Task brief:
Beneath this line are entries. Copy the range from the line with "Смешать красный винный" to the line with "[ (3) ] (سنن أبى", ends included, exactly; leave pictures out.

(Working data begins)

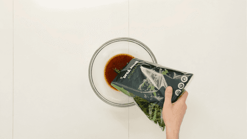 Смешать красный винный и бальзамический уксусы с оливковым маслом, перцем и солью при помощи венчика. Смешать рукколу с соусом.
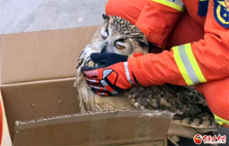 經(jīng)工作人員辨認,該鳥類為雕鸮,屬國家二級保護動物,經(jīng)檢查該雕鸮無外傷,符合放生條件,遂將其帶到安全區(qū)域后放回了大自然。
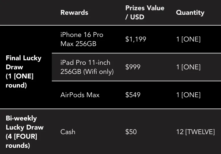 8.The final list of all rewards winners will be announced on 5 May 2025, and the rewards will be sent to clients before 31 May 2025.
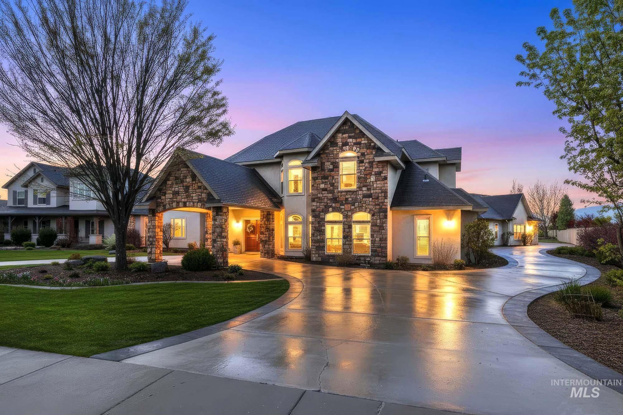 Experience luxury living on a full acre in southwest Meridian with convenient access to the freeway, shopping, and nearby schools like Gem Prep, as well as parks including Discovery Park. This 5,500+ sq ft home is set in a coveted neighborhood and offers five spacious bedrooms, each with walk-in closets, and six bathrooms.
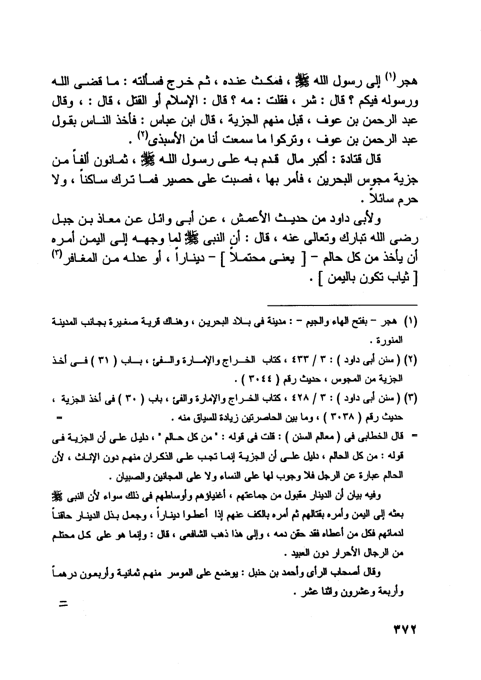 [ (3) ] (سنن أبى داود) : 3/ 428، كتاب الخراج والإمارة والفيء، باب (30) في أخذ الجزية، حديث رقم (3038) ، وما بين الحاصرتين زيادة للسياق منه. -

(Working data ends)
(Working data begins)

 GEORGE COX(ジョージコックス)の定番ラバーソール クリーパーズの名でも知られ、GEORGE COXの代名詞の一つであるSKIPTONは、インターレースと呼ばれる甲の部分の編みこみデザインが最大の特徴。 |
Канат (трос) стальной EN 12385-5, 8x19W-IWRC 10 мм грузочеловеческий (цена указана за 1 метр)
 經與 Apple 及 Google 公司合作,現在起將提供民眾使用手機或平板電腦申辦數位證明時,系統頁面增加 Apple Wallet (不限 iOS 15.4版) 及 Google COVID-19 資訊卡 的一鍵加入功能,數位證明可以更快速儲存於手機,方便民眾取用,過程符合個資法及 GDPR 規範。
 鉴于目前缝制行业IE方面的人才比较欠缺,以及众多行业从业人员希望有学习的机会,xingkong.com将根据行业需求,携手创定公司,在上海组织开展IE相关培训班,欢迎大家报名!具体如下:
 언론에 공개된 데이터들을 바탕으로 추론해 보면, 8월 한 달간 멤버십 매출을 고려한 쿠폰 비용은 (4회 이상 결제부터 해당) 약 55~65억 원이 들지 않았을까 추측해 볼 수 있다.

(Working data ends)

Solution for this problem:
 Смешать красный винный и бальзамический уксусы с оливковым маслом, перцем и солью при помощи венчика. Смешать рукколу с соусом.
 經(jīng)工作人員辨認,該鳥類為雕鸮,屬國家二級保護動物,經(jīng)檢查該雕鸮無外傷,符合放生條件,遂將其帶到安全區(qū)域后放回了大自然。
 8.The final list of all rewards winners will be announced on 5 May 2025, and the rewards will be sent to clients before 31 May 2025.
 Experience luxury living on a full acre in southwest Meridian with convenient access to the freeway, shopping, and nearby schools like Gem Prep, as well as parks including Discovery Park. This 5,500+ sq ft home is set in a coveted neighborhood and offers five spacious bedrooms, each with walk-in closets, and six bathrooms.
 [ (3) ] (سنن أبى داود) : 3/ 428، كتاب الخراج والإمارة والفيء، باب (30) في أخذ الجزية، حديث رقم (3038) ، وما بين الحاصرتين زيادة للسياق منه. -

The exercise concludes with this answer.